Tuesday, April 15, 2008

The Spiritual Journey

I haven't seen it and don't own it. Spiritual Journey is the title of a new magazine of the Ordo Carmelitarum Discalceatorum (OCD) Spirituality Institute of Krakow, Poland. The first issue contains nine scholarly articles on spiritual and Carmelite themes. They are written in diverse languages. However, all the works are summarized in another language, according to the News page on the order's English website.

"The editor, Fr. Grzegorz Firszt, says in the introduction that, "The publication is mainly directed to specialized groups, to religious communities, to ecclesiastical seminarians and to other ecclesiastic groups. However, it is also directed to individual people and to those interested in these themes." This issue also contains messages from the Metropolitan Archbishop of Krakow, the Father General of the Order and the Father Provincial of Krakow."

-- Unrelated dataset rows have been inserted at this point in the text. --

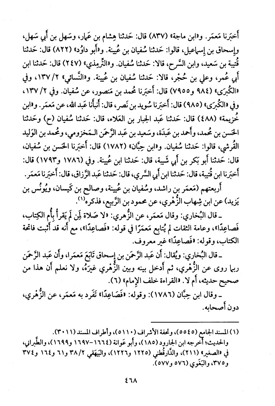 و «ابن حِبَّان» (١٧٨٢) قال: أخبرنا الحسن بن سفيان، قال: حدثنا أَبو بكر بن أبي شيبة، قال: حدثنا ابن عُيينة. وفي (١٧٨٦ و ١٧٩٣) قال: أخبرنا ابن قتيبة، قال: حدثنا ابن أبي السري، قال: حدثنا عبد الرزاق، قال: أخبرنا مَعمَر.
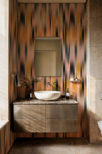 Tres Tintas’ Speed Candy is a striped design in pink/lilac from the Urban Tribe collection. “Lines of light”. Blurred effect caused by the fast movement of cars.
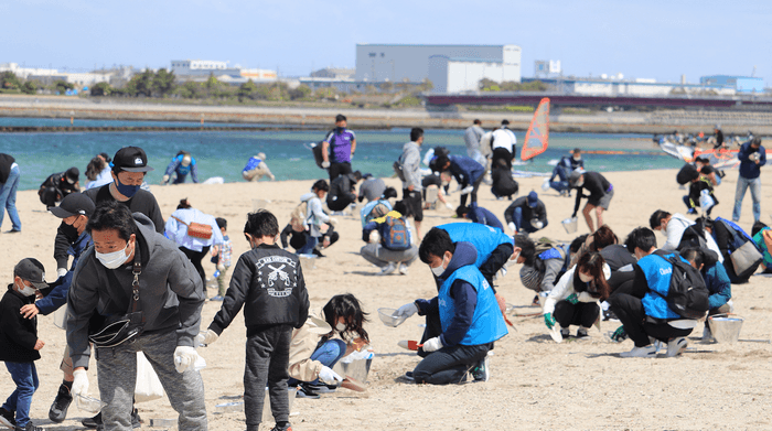 我々が行ったビーチクリーンイベント潮干狩りの前に、みんなで「プラ干狩り」!!では、人ひとりが年間消費するペットボトル200本分が海洋に流入したことを想定して、その海洋に流れた細かなプラスチックごみを回収するのにどれだけ大変なのかを参加頂いた230名の参加者と共に取組みました。結果、ペットボトル200本(約4Kg)を想定して回収に2時間かけて取組みましたが、回収できたこまかなプラスチックごみ、マイクロプラスチックは約1Kgでした。参加者のお子様からは、こまかくなってしまったプラスチックの回収の大変さと、「“使い捨て”は駄目だよね!」と家族で話してくださる場面が数多く生まれました。

A Discalced (dis-kalst) Carmelite is one who is part of the Carmelite order, which originated in the early 13th century and was reformed by St. Teresa: "In 1562 a Spanish Carmelite nun, known to us as St. Teresa of Avila, assisted by another great Carmelite, St. John of the Cross, established what was to become a new branch of the Carmelite Order, the Discalced Carmelites. "Discalced" comes from the Latin word meaning "unshod." They were so called because the most distinctive thing about their appearance was the fact that, because of their more austere way of life, they wore rope sandals of the poor in place of leather shoes. The Discalced Carmelites, both friars and nuns, aim at a more retired and contemplative form of life. The Carmelite Order today has two branches of their family: the Ancient Observance (O.Carm.) and the Discalced (OCD)." Carmelite Digest

I'll poke around to see if I can get a first issue for my collection. I was reading about the Discalced Carmelites because I've been reading "The Impact of God" which is about St. John of the Cross and the meaning of his poetry. Being a Protestant, I'm somewhat acquainted with the groups and divisions in that branch of Christianity, but reading about religious orders in the Catholic church and their various rules and reforms is a bit like stepping into religious quicksand for me--I'm quickly over my head.